Wenn man in einem Gespräch anderer Ansicht als sein Gesprächspartner ist, und daraufhin Antworten bekommt wie: „Dafür kann ich nichts“, „Das ist dein Problem“, „Damit habe ich nichts zu tun“ und „Das ist dein Film“, dann wird schnell klar, dass ein Kooperation und die Findung eines gemeinsamen Konsens gar nicht gewollt ist.

Hier steht die bewusste Abgrenzung zu einem „Gegenüber“ als ein „Gegner“ im Vordergrund. Ein gemeinsamer Konsens kann in einer solchen Konstellation jedoch nur noch entstehen, wenn ein „Gegenüber“ seine Position aufgibt und sich von seinem „Gegenüber“ unterwerfen lässt.

 „Individualität“ und „Freiheit“ und damit die letztlich so viel zitierte „Selbstverwirklichung“ stellen sich heute teilweise als einen unreflektierten Hedonismus dar, der keine Rücksicht mehr auf den anderen nimmt, nehmen will und nehmen darf.

So eine Gesellschaft kann weder friedlich noch sinnstiftend funktionieren. Diese ist ausgelegt auf Krieg und Unterwerfung. Dies gilt sowohl im Kleinen wie z.B. Beziehungen oder Familien, als auch im Großen wie z.B. Staatsgebilden. Soziale Gruppen leben und erhalten ihre Stabilität aber von gemeinsamen Ideen, gemeinsamen Regeln und dementsprechend kann „Freiheit“ nur im Sinne einer konsensorientierten, also geordneten Freiheit existieren. Das bedeutet, das jegliches Denken und Handeln des Einzelnen muss daraufhin ausgerichtet sein, dass jedem Menschen die gleichen Möglichkeiten der Persönlichkeitsentfaltung ermöglicht werden, wie ihm selbst auch. Dies führt sehr schnell auf die Erkenntnis der „Würde des Menschen“, die unantastbar ist. Dies ist Recht und Pflicht zugleich.

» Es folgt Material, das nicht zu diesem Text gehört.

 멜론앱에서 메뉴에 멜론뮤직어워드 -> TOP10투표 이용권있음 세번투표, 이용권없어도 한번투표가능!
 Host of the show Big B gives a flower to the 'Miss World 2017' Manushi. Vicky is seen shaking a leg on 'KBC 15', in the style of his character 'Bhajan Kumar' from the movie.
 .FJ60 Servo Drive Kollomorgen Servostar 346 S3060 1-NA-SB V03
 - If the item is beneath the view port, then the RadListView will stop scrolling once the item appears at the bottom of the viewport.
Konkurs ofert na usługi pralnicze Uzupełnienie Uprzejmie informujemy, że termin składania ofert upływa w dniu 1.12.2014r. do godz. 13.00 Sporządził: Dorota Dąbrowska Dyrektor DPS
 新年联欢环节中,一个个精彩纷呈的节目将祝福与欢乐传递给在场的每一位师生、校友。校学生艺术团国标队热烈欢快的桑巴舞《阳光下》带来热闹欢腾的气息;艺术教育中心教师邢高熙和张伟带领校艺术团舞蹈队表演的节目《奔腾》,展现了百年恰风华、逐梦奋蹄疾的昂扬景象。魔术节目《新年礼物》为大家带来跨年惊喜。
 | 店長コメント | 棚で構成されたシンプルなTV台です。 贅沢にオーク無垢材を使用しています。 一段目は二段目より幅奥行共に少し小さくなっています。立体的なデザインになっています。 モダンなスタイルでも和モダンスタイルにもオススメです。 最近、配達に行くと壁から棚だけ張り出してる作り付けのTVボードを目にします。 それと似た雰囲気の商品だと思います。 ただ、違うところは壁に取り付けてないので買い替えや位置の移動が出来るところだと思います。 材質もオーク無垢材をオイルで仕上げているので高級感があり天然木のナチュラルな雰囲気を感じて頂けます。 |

Folglich müssen wir und entscheiden, ob wir zu einer Gesellschaft nebeneinander her lebender Selbstverwirklicher werden, ein Trend, der ohne Frage zu beobachten ist, oder nicht. Soziale Gruppen werden daher immer prekärer und der öffentliche Raum mutiert von einem Raum der Verhandlung gemeinsamer Ideen, Interessen und Regeln, zu einem reinen Verkehrsraum um schnell von einer sozialen Gruppe zu einer anderen zu gelangen. Peter Sloterdijk bezeichnete es einmal treffend als Blase, wobei in diesem Ausdruck wunderbar die in sozialen Gruppen inhärente Fragilität und Vergänglichkeit deutlich wird, da ihnen eine stabilisierende Basis fehlt.

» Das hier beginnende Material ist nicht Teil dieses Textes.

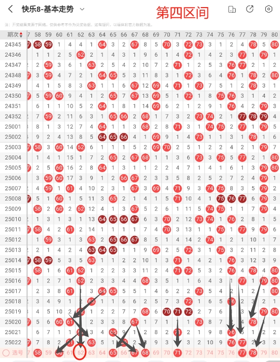 第一:根据整体走势来看本期第4区间热度应该会有所上升,可以把重点放在65-80这个小区间进行选号需要重点关注62 65 67 68 71 77 78这些号码。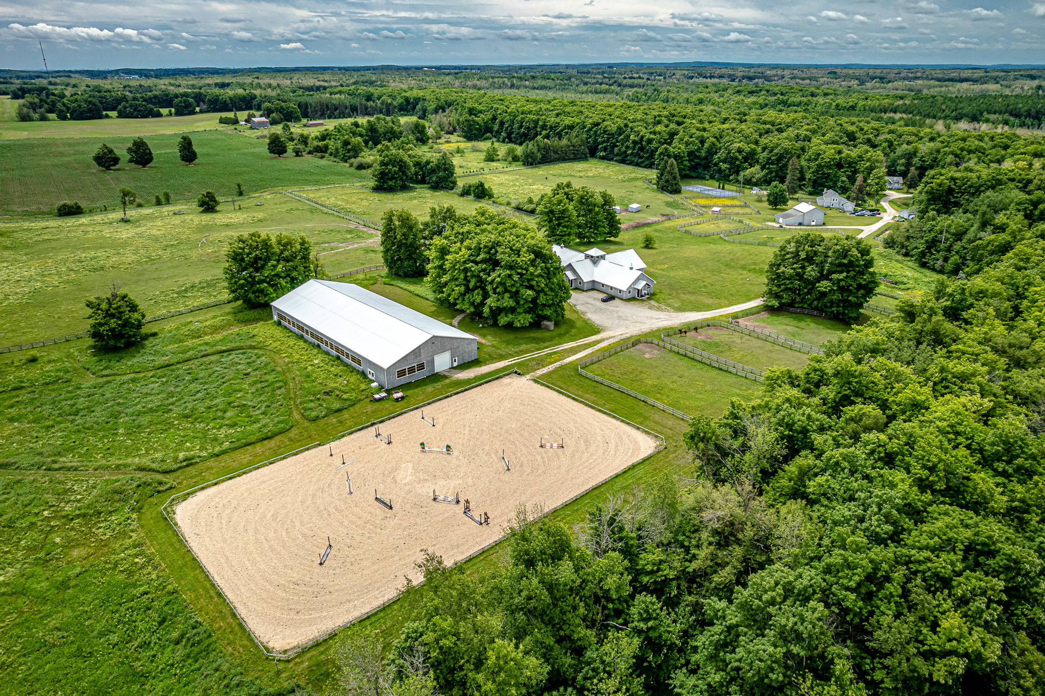 To the east of the main barn is the large (80×180 ft) and bright indoor riding arena with fibre footing. The arena has multiple entrance points and to the west of the building is an electrical hook-up for a camper.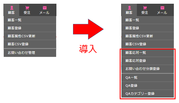 オプションを導入すると、「顧客応対一覧」~「QAカテゴリー登録」が追加されます。

Ist aber aufgrund der Verfasstheit unserer Gesellschaft ein Humanismus im klassischen Sinne überhaupt noch denkbar?

Die These von Karl Marx: „Zuerst muss der Mensch essen und trinken, bevor er über den Sinn des Lebens nachdenken kann“ hat nichts von seiner Gültigkeit verloren.

Die Befriedung des Kampfes ums Dasein … um mal einen Kampfbegriff von Herbert Marcuse … kann, nein muss somit als basaler Bestandteil auf dem Weg in einen „neuen“ Humanismus betrachtet werden.

Manche mögen nun einwerfen wollen, dass die Absicherung der materiellen Existenz nicht wichtig sei, was ich für fatal halte, weil hierdurch die Bedrohung der Existenz als „Druckmittel“, als Mittel der Ausübung von (friedlicher) Gewalt (vgl. Max Weber) existent bleibt.